Slight changes to the US central bank’s medium-term predictions for interest rates led to shifts among the assets leading financial markets. Meanwhile, economic activity continues to pick up as COVID-19 cases and fatalities fall.

Key takeaways

  • The latest updates from the US Federal Reserve Bank (Fed) suggested that the central bank could begin to increase interest rates in 2023. This comes in response to greater confidence in the economic and labour market backdrop, though Chair Powell stressed once again that significant improvements must be seen in the latter before any such steps can be taken.
  • Bond markets experienced some volatility in the wake of the Fed announcement on Wednesday, but had largely calmed by the end of the week. Nevertheless, with slightly higher US interest rates now being priced in by bond markets, inflation expectations appear slightly suppressed.
  • In stock markets, this chain of events also led to some surprising shifts among the best performing shares. So-called ‘quality’ and ‘growth’ businesses (such as those in the technology sector), which tend to do well in a low interest rate environment, performed well during the height of the COVID-19 pandemic in 2020, but have underperformed of late. However, this news from the Fed has helped them regain some poise. At the same time, shares in ‘value’ businesses – which are typically cheap in relation to basic measures of their corporate performance, and have done relatively well in recent history – were traded less favourably following the news.
  • Meanwhile, reductions in confirmed new COVID-19 cases (and associated deaths) have continued to fall globally. Vaccination programmes and the emergence of some herd immunity are playing their part. In keeping with these signs of recovery in human health, economic activity data continues to deliver positive news.
  • Manufacturing activity remains strong too, arguing in favour of corporate profitability and potential upgrades to business earnings. This is good news for stock markets, should remain in situ for some time, though we remain alert to any signs of peaking growth.

Weekly market moves

  • Overall, global stock markets had a mixed seven-day period, with UK and US markets weaker while shares in Japan and emerging markets landed in positive territory.

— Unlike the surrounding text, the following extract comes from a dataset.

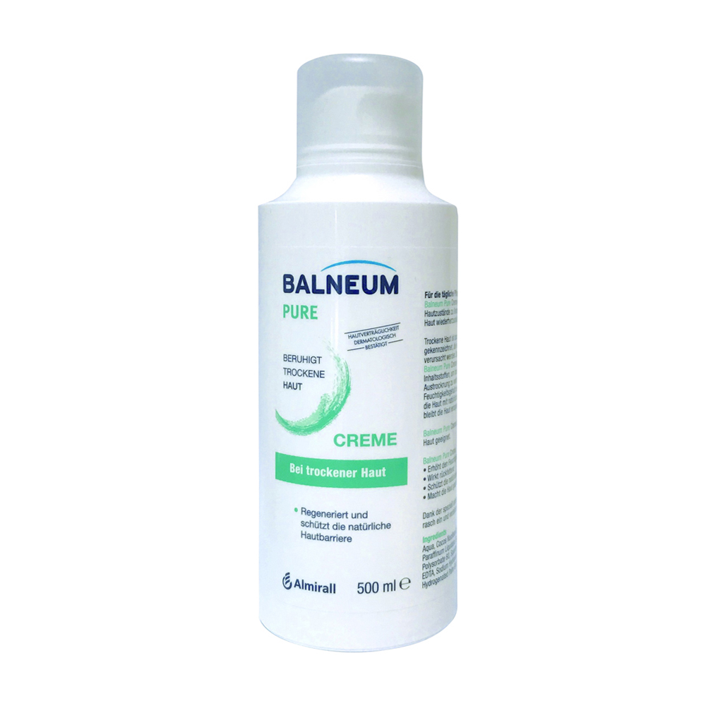 Balneum Pure Creme 500 ml wurde speziell für die tägliche Pflege von trockener und sehr trockener Haut entwickelt. Die Creme ist frei von Farb-, Duft- und Konservierungsstoffen und besonders hautverträglich. Durch die Creme wird die Haut vor Austrocknung geschützt, sie macht sie geschmeidig und sorgt für ein angenehmes Hautgefühl.

  • Bonds were fairly flat over the same period, though this disguises some short-term volatility following the Fed’s mid-week predictions for interest rates.

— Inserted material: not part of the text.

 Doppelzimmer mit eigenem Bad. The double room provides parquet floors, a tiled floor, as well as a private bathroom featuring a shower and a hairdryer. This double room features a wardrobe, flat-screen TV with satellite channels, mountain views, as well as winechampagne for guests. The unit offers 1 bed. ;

  • In commodity markets, oil moved higher while precious metals (such as gold and silver) struggled as a result of recent US dollar strength.

What to look out for this week

  • First estimate economic survey data (‘flash’ Purchasing Managers Index) will be released on Wednesday, giving an initial indication as to how well the global economy has fared in the second quarter of 2021. Growth is expected to have remained on an upward trajectory.

  • In a week dominated by central bank speakers, the Bank of England will announce its latest policy decisions on Thursday. No changes to current policies are anticipated.